-- Records from a data source --
== Segment start ==

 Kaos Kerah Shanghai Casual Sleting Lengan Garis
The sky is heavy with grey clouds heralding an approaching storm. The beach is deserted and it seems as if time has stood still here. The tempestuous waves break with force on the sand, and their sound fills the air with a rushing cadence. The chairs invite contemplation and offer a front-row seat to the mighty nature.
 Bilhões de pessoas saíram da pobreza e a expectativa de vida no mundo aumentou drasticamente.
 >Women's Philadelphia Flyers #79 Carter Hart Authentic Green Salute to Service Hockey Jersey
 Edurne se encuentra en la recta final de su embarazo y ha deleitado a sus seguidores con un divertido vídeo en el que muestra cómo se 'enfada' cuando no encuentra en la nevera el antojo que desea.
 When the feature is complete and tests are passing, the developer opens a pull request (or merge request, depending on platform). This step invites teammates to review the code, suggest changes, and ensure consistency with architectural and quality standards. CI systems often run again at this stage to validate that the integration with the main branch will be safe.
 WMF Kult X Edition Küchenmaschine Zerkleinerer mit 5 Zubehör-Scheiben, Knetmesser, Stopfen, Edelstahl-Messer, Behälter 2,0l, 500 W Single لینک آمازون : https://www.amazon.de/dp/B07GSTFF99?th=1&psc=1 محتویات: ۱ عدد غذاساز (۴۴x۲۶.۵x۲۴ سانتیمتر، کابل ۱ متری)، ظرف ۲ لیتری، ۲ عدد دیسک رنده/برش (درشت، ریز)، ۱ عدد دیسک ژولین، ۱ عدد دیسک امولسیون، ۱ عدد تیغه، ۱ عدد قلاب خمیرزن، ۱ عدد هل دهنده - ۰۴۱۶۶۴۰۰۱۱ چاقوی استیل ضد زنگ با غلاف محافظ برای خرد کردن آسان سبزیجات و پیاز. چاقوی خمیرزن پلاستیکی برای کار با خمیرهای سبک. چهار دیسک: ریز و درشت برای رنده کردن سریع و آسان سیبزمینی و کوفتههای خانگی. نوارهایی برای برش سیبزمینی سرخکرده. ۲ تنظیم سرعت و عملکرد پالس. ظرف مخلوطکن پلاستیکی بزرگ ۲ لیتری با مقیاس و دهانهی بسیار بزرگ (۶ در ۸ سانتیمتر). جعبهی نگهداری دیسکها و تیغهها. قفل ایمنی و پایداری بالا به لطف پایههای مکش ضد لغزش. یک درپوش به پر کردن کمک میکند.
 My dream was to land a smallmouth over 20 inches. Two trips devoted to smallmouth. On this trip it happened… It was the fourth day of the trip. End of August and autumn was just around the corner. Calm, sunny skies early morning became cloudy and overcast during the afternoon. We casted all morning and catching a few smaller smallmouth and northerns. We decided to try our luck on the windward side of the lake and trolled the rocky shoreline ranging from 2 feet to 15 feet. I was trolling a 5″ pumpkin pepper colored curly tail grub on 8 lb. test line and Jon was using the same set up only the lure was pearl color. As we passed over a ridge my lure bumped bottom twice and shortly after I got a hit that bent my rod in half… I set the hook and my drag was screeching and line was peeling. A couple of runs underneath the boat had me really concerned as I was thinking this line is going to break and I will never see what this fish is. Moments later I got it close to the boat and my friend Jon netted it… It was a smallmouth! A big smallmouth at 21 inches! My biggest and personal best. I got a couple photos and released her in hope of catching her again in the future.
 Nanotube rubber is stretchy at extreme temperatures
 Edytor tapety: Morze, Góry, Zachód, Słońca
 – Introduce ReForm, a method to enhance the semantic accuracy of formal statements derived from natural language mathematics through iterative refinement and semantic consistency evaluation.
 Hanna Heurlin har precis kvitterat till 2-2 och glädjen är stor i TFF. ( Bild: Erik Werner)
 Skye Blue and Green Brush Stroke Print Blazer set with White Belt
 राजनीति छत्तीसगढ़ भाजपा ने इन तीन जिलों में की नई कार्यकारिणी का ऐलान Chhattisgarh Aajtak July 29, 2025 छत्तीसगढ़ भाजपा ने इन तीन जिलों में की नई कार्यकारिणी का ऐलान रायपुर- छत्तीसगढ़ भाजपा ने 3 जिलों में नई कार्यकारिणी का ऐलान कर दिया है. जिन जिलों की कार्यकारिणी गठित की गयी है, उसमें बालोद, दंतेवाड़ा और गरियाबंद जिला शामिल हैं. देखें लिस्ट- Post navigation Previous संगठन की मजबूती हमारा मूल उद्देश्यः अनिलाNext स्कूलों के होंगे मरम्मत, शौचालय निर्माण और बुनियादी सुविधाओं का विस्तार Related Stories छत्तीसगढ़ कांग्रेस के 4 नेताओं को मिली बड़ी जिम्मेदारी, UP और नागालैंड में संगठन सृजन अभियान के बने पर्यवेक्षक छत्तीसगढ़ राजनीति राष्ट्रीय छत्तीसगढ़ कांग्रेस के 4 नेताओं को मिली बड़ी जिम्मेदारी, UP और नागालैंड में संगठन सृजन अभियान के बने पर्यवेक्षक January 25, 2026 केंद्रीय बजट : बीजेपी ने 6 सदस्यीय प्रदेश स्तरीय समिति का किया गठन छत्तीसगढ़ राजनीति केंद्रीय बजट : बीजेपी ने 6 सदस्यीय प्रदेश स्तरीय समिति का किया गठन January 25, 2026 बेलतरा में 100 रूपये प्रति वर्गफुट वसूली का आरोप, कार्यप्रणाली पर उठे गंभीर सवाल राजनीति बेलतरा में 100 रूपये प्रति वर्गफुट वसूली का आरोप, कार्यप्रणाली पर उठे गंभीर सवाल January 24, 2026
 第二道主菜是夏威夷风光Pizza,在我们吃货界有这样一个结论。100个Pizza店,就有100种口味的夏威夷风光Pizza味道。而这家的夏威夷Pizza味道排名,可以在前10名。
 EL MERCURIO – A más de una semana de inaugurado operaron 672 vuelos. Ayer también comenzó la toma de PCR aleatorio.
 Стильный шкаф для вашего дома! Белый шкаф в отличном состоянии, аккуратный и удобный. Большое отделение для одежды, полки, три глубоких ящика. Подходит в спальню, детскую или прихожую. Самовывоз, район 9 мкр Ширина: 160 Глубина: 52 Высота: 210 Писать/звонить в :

== Segment end ==

-- Exercise aim --
Every line above that holds "consistency" should be copied out.

-- Worked solution --
 When the feature is complete and tests are passing, the developer opens a pull request (or merge request, depending on platform). This step invites teammates to review the code, suggest changes, and ensure consistency with architectural and quality standards. CI systems often run again at this stage to validate that the integration with the main branch will be safe.
 – Introduce ReForm, a method to enhance the semantic accuracy of formal statements derived from natural language mathematics through iterative refinement and semantic consistency evaluation.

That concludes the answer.